Peerj. Computer Science
|August 15, 2024
Summary
This study introduces Anomaly Prediction of Internet behavior based on Generative Adversarial Networks (APIBGAN), an unsupervised model for detecting employee internet behavior anomalies. APIBGAN effectively predicts outliers using limited labeled data, outperforming existing methods.
Area of Science:
- Computer Science
- Artificial Intelligence
- Cybersecurity
Background:
- Internet applications generate vast amounts of user behavior data.
- Abnormal employee internet activities pose significant risks to information security and data integrity.
- Manual labeling of big data for anomaly detection is costly and inefficient.
Purpose of the Study:
- To propose an unsupervised generative model, APIBGAN, for effective anomaly prediction of internet behaviors.

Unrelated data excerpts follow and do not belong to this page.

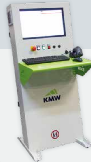
Steuerung über PC mit Windows operated by Windows-based PC
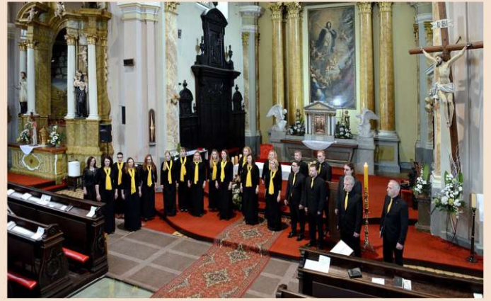
OMNIA, 7. 5. 2017
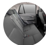
Asientos de tela
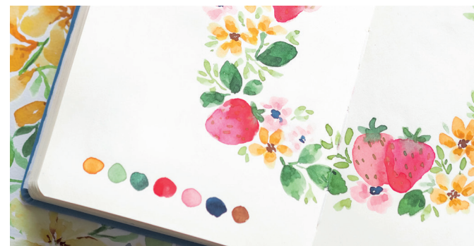
@heavyweightpaper Mareike Urban im Interview Seite 28
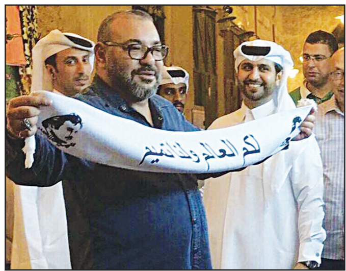
ملك المغرب محمد السادس خلال زيارته للدوحة

الدول سعت لإجهاد تنظيم بلاده لكأس العالم عام 2022. واستقبل أمير قطر، أمّس، الرئيس التركي رجب طيب أردوغان الذي زار الدوحة رفقة وفد على المستوى. وكان الأمير قد استقبل مساء الإثنين العاهل المغربي محمد السادس الذي تناقلت حسابات قطر عبر موقع «تويتر»، صورته وهو يرفع وشاحاً كتب عليه: «لكم العالم ولنا تميم». (تفاصيل ص 10)
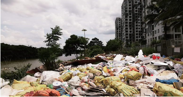
7月12日,临城镇文澜江畔垃圾成堆。本报记者 陈元才 见习记者 李天平 摄

记者在6号桥走访时,有当地居民透露,在6号桥南侧有一个更大的垃圾堆,就在锦绣大道边。根据指引,记者果然发现有一个面积达数百平方米的垃圾堆,渣土里夹杂着塑料袋、包装盒、碎砖头、断木板等各种废弃物,距离锦绣大道仅十几米远。 打听到这个垃圾堆在临城镇文书村的地界上,于是记者驱车来到文书村。该村一位包点干部说,那里本来是片坡地,锦绣大道通车后,开始有人在夜里偷倒建筑垃圾,但不是文书村的村民。由于那里离村中心比较远,不属于村保洁责任区,村里曾于2017年在该处立过禁止倒垃圾的警示牌,但没有效果。并且垃圾堆所
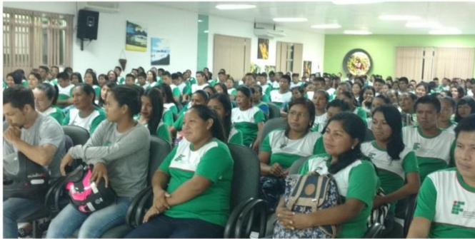
Palestra Malária, Março 2018.
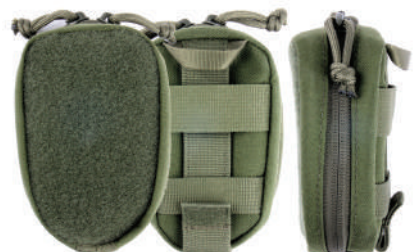
몰리방식 전용 파우치
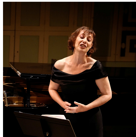
Concert d'Adventura à la salle Molière à Lyon
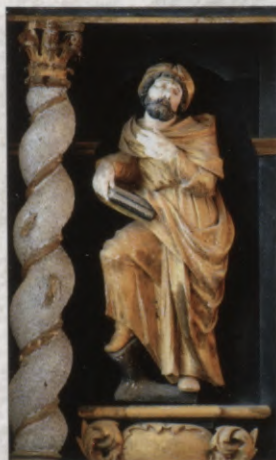
7.att. Apustuļa skulptūra kanceles korpusā, J.D. Šauss, 1697. gads.
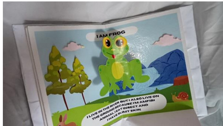
Gambar 9. Deskripsi Teks “KATAK”
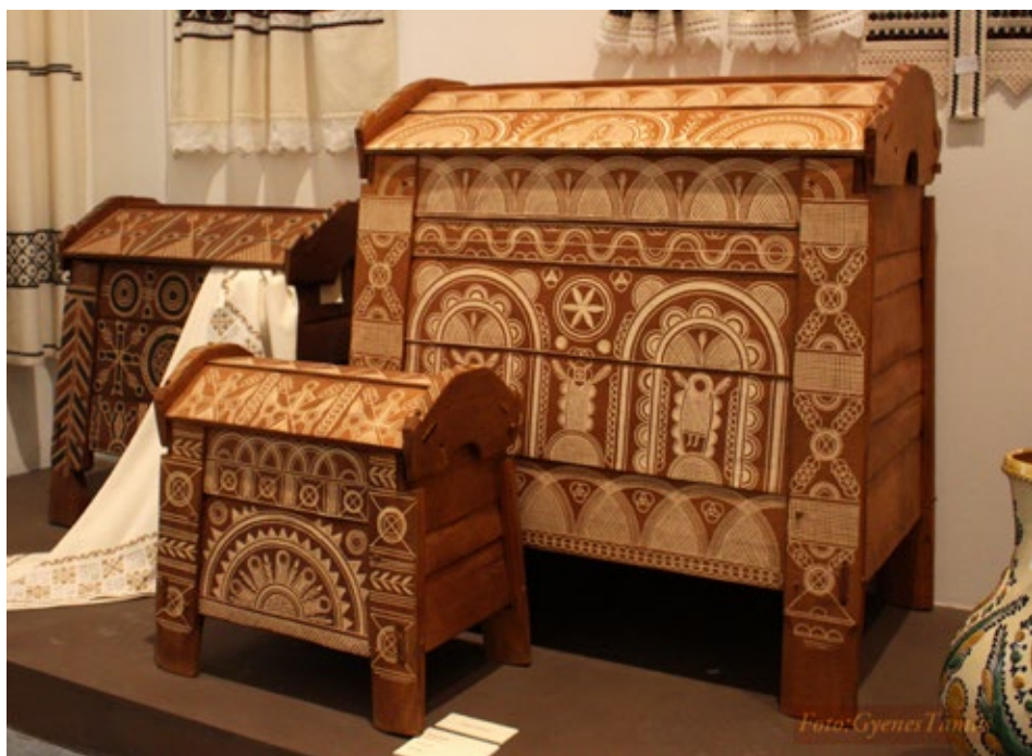
Különböző méretű és díszítésű ácsolt ládák az Élő Népművészet kiállításon

A palóc cifra szekrények mintázata azért olyan gyönyörű, mert „a hagyományos paraszti világban” a menyaszszonyok életük legnagyobb eseményére kapták. Ezek a mintázatok gyakran tudatosan megszerkesztett jelképirásos kompozíciók, virágokkal, emberalakokkal: jókívánságot jelen-
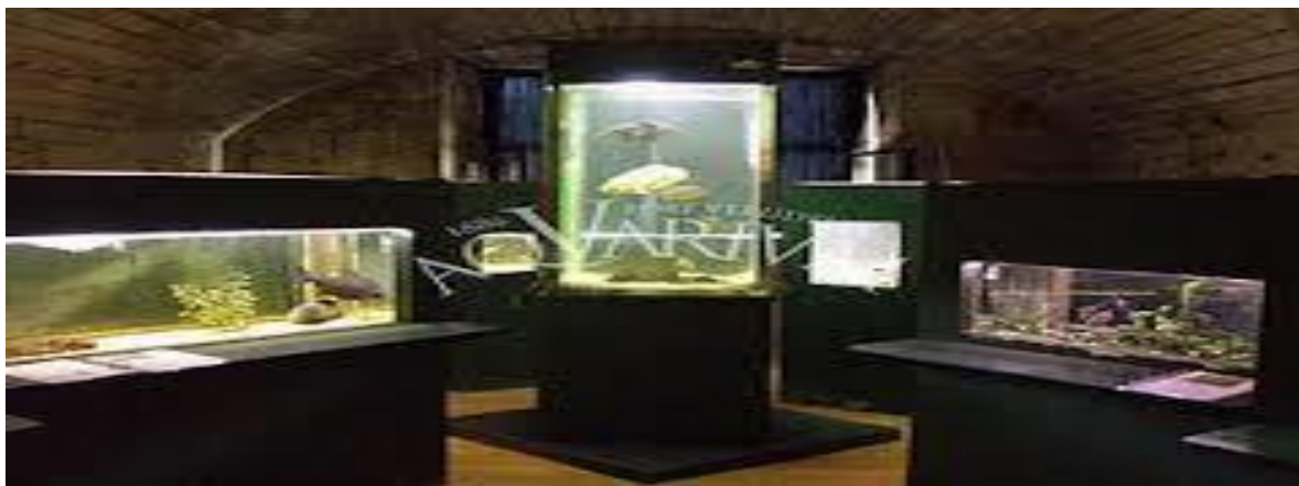
Slika 11. Aquarium Pula

Fort je 1947. preuzeo grad Pula i predao na korištenje lokalnom turističkom poduzeću. U njemu je bio smješten disko, frizerski salon, suvenirnice, trgovina, da bi kasnih 80-ih godina postao spalionica smeća. U stanju potpune zapuštenosti 2002. preuzela ga je biologinja i oceanologinja dr. Milena Mičić koja je vlastitim sredstvima krenula u postupnu revitalizaciju utvrde da bi u njoj otvorila Akvarij s referentnim centrom za liječenje morskih kornjača te školom biologije koju pohađaju mnogobrojna djeca. Da bi osigurala sredstva za početno čišćenje i postupno uređenje utvrde podigla je kredit stavljajući pod hipoteku vlastitu imovinu. Koliku potporu ima u tom projektu ilustrira podatak da je u posljednjoj raspodjeli Ministarstva kulture dobila 30 tisuća kuna, a procjenjuje se da bi samo za izradu projektne dokumentacije obnove cjelokupne utvrde trebalo 400 tisuća kuna, dok su za obnovu samu potrebni milijunski iznosi. Na raspolaganju za tako velike investicijske zahvate stoje mnogobrojni fondovi Europske unije, ali za to je potrebno imati čiste vlasničke odnose i pripremljenu konzervatorsku i projektnu dokumentaciju obnove. Bez tog preduvjeta ne može se sastaviti ni prijavnica, a realnost je takva da dio građevina čak nije ucrtan u katastarske planove. 38

- To address the challenge of high labeling costs in big data anomaly detection.
- To develop a robust method for identifying abnormal employee internet activities.
Main Methods:
- Developed Anomaly Prediction of Internet behavior based on Generative Adversarial Networks (APIBGAN).
- Utilized a data-generating generative adversarial network (DGGAN) to learn real data distribution and generate labeled data.
- Employed a distance-based anomaly prediction approach using generated data as a benchmark.
- Trained APIBGAN on three categories of corporate employee internet behavior data.
Main Results:
- APIBGAN achieved prediction scores of 87.23%, 85.13%, and 83.47% on different datasets.
- These scores surpassed the 81.35% achieved by the Isolation Forests comparison method.
- Experimental results validated APIBGAN's effectiveness in predicting internet behavior outliers using Generative Adversarial Networks (GANs).
Conclusions:
- APIBGAN effectively predicts internet behavior anomalies using a GAN composed of simple fully connected neural networks.
- The model demonstrates broad applicability for anomaly prediction in scenarios with large, difficult-to-label datasets.
- This research offers valuable insights into GAN-based anomaly prediction techniques.